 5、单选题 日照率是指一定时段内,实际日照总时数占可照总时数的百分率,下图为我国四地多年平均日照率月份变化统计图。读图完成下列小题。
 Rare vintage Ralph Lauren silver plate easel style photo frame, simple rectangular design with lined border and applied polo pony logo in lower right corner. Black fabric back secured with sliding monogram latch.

* * *

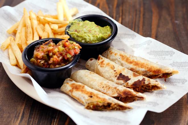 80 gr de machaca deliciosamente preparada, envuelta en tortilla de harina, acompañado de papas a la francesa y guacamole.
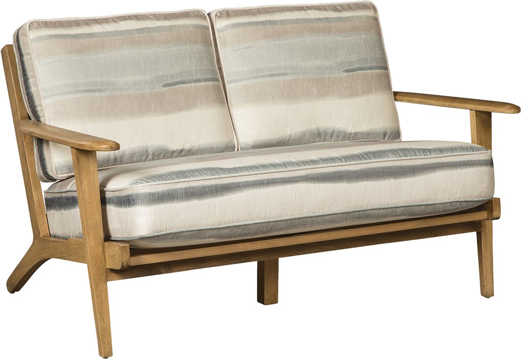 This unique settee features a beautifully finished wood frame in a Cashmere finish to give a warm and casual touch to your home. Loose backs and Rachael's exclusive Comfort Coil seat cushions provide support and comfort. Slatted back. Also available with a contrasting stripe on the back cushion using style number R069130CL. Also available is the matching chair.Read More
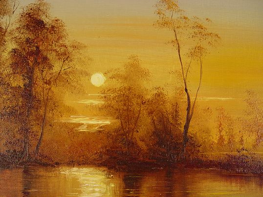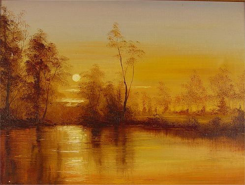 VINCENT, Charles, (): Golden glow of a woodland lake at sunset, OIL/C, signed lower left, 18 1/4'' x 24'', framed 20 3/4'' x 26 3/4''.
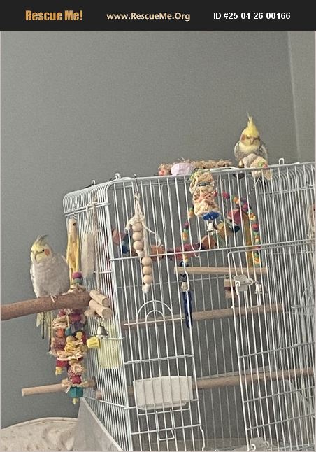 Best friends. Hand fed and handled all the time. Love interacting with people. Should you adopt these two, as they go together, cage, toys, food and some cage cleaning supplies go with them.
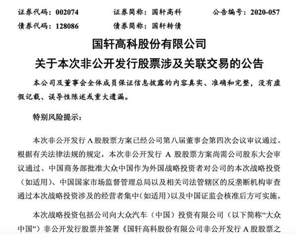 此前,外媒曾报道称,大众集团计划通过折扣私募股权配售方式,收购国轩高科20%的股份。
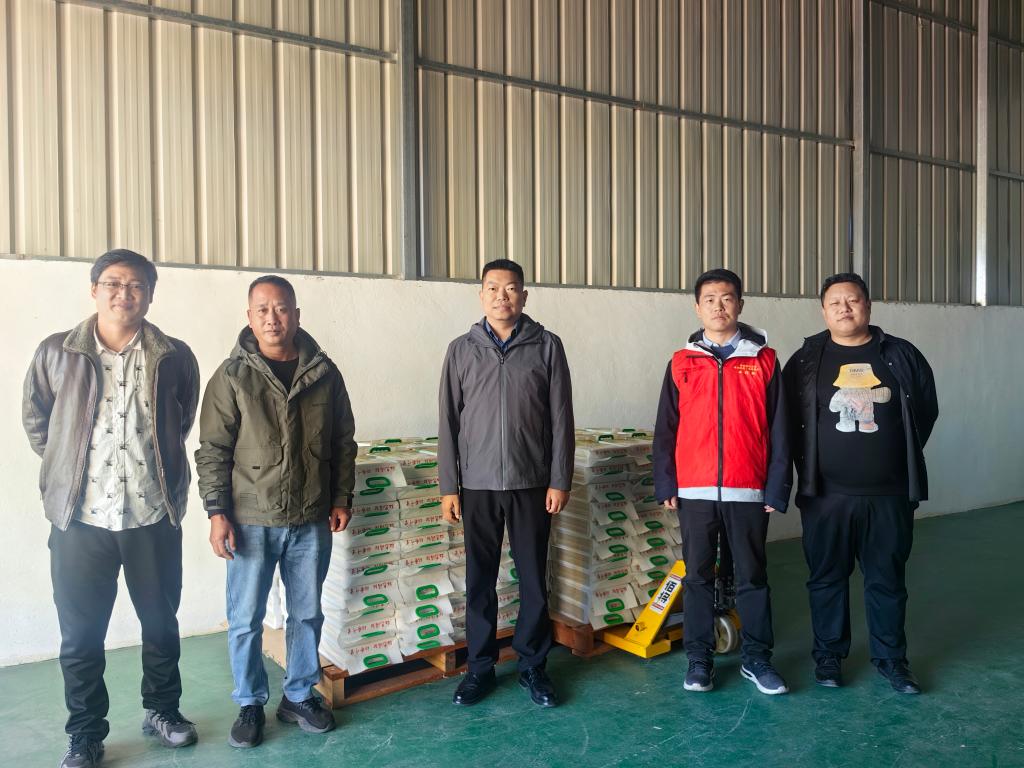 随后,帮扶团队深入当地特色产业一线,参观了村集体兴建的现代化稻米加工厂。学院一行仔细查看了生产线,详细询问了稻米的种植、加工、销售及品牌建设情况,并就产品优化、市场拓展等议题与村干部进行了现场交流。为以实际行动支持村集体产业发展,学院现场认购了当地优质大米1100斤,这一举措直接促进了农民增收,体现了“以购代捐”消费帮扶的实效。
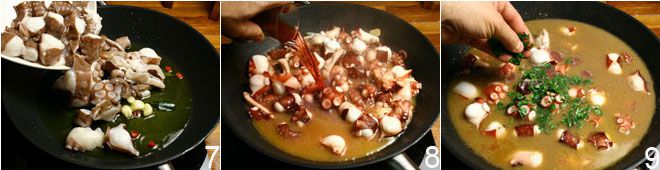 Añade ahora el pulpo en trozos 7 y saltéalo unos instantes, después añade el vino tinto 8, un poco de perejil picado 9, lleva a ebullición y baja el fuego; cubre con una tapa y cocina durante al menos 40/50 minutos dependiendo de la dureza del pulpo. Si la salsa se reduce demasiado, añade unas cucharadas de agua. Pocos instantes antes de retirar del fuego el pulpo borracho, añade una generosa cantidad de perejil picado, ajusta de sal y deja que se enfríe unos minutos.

▸ What is required
From the records above, extract the lines from the one holding "随后,帮扶团队深入当地特色产" through the one holding "Añade ahora el", word for word; omit the pictures.

▸ Answer space
 随后,帮扶团队深入当地特色产业一线,参观了村集体兴建的现代化稻米加工厂。学院一行仔细查看了生产线,详细询问了稻米的种植、加工、销售及品牌建设情况,并就产品优化、市场拓展等议题与村干部进行了现场交流。为以实际行动支持村集体产业发展,学院现场认购了当地优质大米1100斤,这一举措直接促进了农民增收,体现了“以购代捐”消费帮扶的实效。
 Añade ahora el pulpo en trozos 7 y saltéalo unos instantes, después añade el vino tinto 8, un poco de perejil picado 9, lleva a ebullición y baja el fuego; cubre con una tapa y cocina durante al menos 40/50 minutos dependiendo de la dureza del pulpo. Si la salsa se reduce demasiado, añade unas cucharadas de agua. Pocos instantes antes de retirar del fuego el pulpo borracho, añade una generosa cantidad de perejil picado, ajusta de sal y deja que se enfríe unos minutos.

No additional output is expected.